Using the Performance Insights for Splunk app: Installation and diagnostic process
Installation
PerfInsights is available on Splunkbase. To install PerfInsights, access your Splunk platform UI as an administrator and select Apps > Find More Apps. Select Generic, Utilities and search for “Performance Insights”. Locate the application and install it.
After installation, you will need to wait for the application to be replicated to the search heads before it is fully functional. You might see search errors if you try to use it too soon. If this happens, wait a few minutes and try again.
Diagnostic process
PerfInsights is typically used with either a reactive approach or a proactive approach to diagnose performance issues.
- Reactive diagnosis occurs when a problem has already appeared, and the goal is to discover its cause. In these cases, the system's actual behavior, from a user’s perspective, has deviated from expected behavior. An example might be searches reporting warnings that some data is missing.
- Proactive diagnosis involves using PerfInsights to examine system metrics and identify trends that could lead to future issues. For example, increasing search times could lead to increased search concurrency and, eventually, skipped searches.
Reactive diagnosis
To conduct a reactive diagnosis:
- Focus the tool's dashboards around the point in time when the issue first appeared.
- Observe what was happening in the system at that time to see what might have caused the unexpected behavior. Look for:
- High or saturated resources (for example, CPU, memory, network I/O, disk I/O).
- High or saturated queues (for example, search or indexing queues, replication queues).
- Plateaus (for example, search or indexing throughput).
- Sudden spikes (for example, search concurrency, error rates).
- Anything that looks unusual.
- Separate cause and effect. Adjust the time range to determine the order of abnormal events.
- Investigate abnormal events starting from the earliest.
- For each abnormal event, determine if it is a contributing cause, a symptom, or an unrelated event. This often requires additional searches or tools beyond PerfInsights.
Proactive diagnosis
To conduct a proactive diagnosis:
- Start with a large time range, ending at the current time (for example, past 7 days to now).
- Look for charts that are trending upwards (for example, CPU, memory, search times, queue lengths).
- Look for spikes in charts that last longer or become more frequent (for example, search concurrency, bundle replication).
- Repeat with smaller time ranges (for example, past 1 day or 1 hour). While long time ranges can show trends, they can also hide granular data. Spikes that might be aggregated away over a week might become visible over an hour.
- For each potentially problematic behavior observed, try to understand the cause. For example, if search times are increasing, you might also find that your data ingestion rate has been increasing. Whether this becomes an issue depends on the system's current state and any further increases in data ingestion rates.
- Proactive diagnosis is subject to the observer effect, where the act of observing the system affects its behavior.
- Be cautious when observing unstable systems, as the extra search load could further destabilize the system.

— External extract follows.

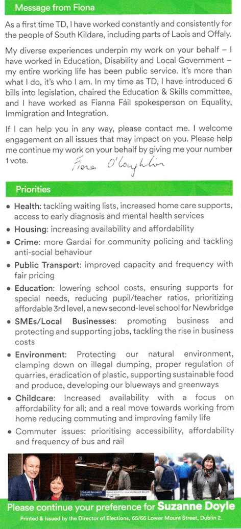 Leaflet from Fiona O’Loughlin – Fianna Fáil – Kildare South #GE2020 #GE20 » FionaOLoughlinGE20b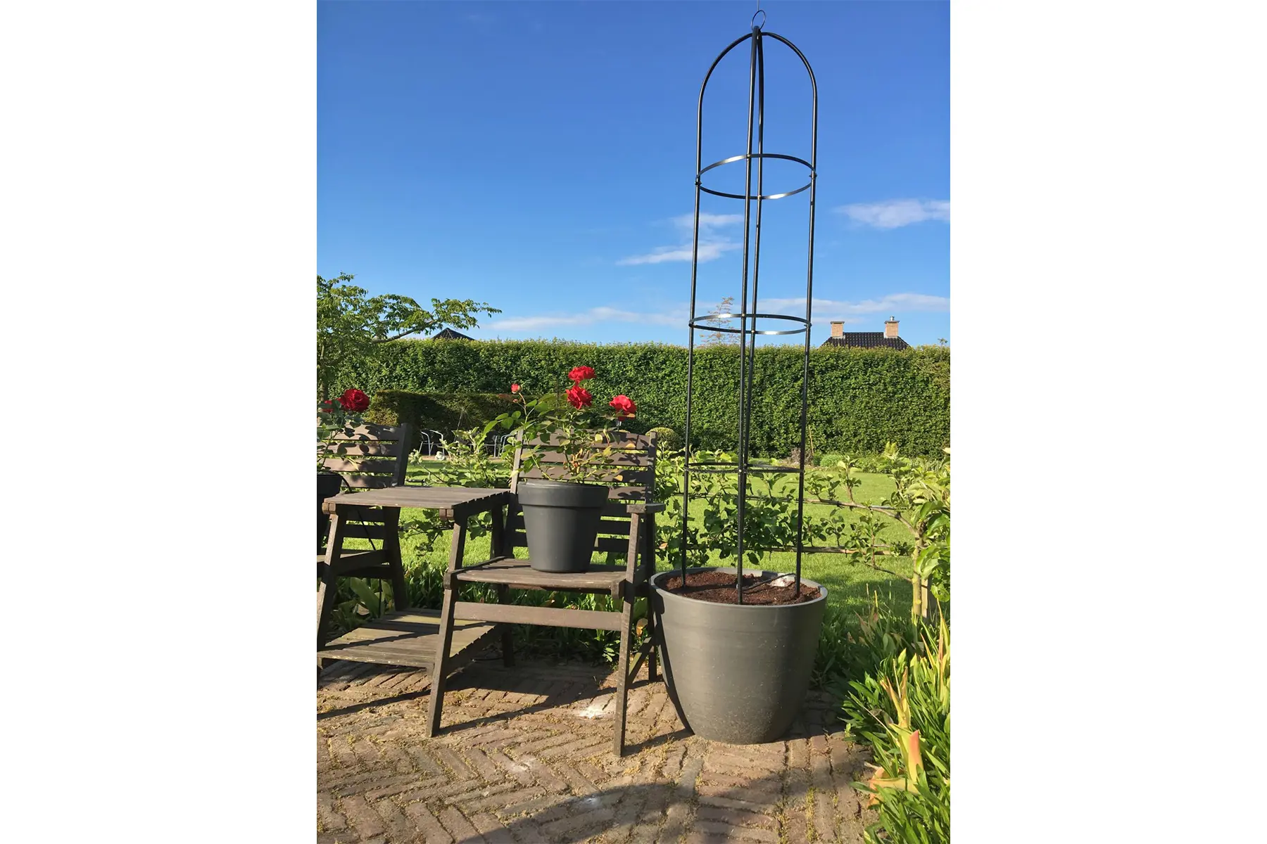 Deze mooie obelisk is de perfecte oplossing om op een eenvoudige manier jouw favoriete klimplant in de hoogte te laten groeien.

- When reading PerfInsights charts and tables, consider the additional search load the tool is adding.
Deeper dives
PerfInsights aims to be a single application that helps identify all potential performance issues and provides as much detail as possible to resolve them. However, in some cases, PerfInsights might not provide sufficient information to complete the performance analysis. When this occurs, use PerfInsights as a starting point for further investigation.
Expand existing charts
Sometimes existing charts are close to what you need but require some adjustments. Using the magnifying glass link on a chart opens the search in a new window, allowing for customization. All dashboards are editable, so if you find yourself making these customizations frequently, you can modify the search directly in the dashboard or add a new chart. Be aware that reinstalling the application will overwrite your changes. If your change could benefit others, consider sending a message to the support team with the suggestion.
Add system data to indexes
By default, not all OS-level logging is available in indexes. This information can be very useful when investigating performance issues. On Splunk Cloud Platform deployments, consider adding local forwarders on your servers configured to read system logs and index them.
Forming and testing hypotheses
Performance issues are often complex and multifaceted. Determining root causes can be tricky, and even sound and logical reasoning can lead to incorrect conclusions if not all data is considered. Resolving issues can be an iterative process.
After you’ve observed the situation and developed a reasonable explanation for the behavior, it’s time to test that hypothesis. Even if you started with a reactive diagnosis, you will iterate through proactive diagnoses here.
For each iteration:
- Start by identifying a minimal set of changes that could correct the issue.
- Use Splunk Help, Splunk Support, or the Splunk Community to help you identify appropriate changes.
- Change only one thing at a time, if possible.
- Using the same charts that helped you build your hypothesis, verify a positive change over similar time periods that exposed the issue.